### TASK PROMPT
Each line in the records below, from the one that contains "Декориран с изцяло" to the one that contains "東北電力では「スマート社会」", should be reproduced exactly, the first and last included.

[Opening RECORDS PROVIDED section]

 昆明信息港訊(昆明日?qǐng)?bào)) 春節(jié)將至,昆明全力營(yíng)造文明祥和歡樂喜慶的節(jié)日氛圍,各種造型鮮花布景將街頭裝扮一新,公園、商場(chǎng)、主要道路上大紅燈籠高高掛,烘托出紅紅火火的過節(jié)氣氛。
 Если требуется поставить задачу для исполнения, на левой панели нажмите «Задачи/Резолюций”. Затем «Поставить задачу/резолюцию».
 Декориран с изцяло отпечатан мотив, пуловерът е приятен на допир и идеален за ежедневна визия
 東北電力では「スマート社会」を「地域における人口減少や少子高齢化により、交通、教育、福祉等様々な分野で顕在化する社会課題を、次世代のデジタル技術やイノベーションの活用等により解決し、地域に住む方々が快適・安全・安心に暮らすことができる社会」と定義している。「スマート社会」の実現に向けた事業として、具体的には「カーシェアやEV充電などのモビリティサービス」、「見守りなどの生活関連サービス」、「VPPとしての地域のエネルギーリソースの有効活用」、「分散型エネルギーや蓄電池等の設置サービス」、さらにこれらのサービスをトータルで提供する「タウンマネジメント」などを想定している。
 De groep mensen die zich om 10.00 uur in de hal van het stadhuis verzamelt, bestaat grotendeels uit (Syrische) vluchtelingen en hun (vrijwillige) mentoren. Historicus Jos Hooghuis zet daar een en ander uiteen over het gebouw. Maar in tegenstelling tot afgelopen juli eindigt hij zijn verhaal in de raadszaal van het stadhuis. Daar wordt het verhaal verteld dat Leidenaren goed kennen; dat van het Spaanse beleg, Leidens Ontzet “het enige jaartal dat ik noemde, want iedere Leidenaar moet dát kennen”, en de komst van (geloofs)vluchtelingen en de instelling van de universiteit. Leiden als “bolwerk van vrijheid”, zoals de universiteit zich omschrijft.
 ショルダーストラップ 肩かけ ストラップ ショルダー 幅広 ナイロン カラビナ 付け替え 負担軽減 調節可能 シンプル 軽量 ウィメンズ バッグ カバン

[Closing RECORDS PROVIDED section]

### EXERCISE RESPONSE
 Декориран с изцяло отпечатан мотив, пуловерът е приятен на допир и идеален за ежедневна визия
 東北電力では「スマート社会」を「地域における人口減少や少子高齢化により、交通、教育、福祉等様々な分野で顕在化する社会課題を、次世代のデジタル技術やイノベーションの活用等により解決し、地域に住む方々が快適・安全・安心に暮らすことができる社会」と定義している。「スマート社会」の実現に向けた事業として、具体的には「カーシェアやEV充電などのモビリティサービス」、「見守りなどの生活関連サービス」、「VPPとしての地域のエネルギーリソースの有効活用」、「分散型エネルギーや蓄電池等の設置サービス」、さらにこれらのサービスをトータルで提供する「タウンマネジメント」などを想定している。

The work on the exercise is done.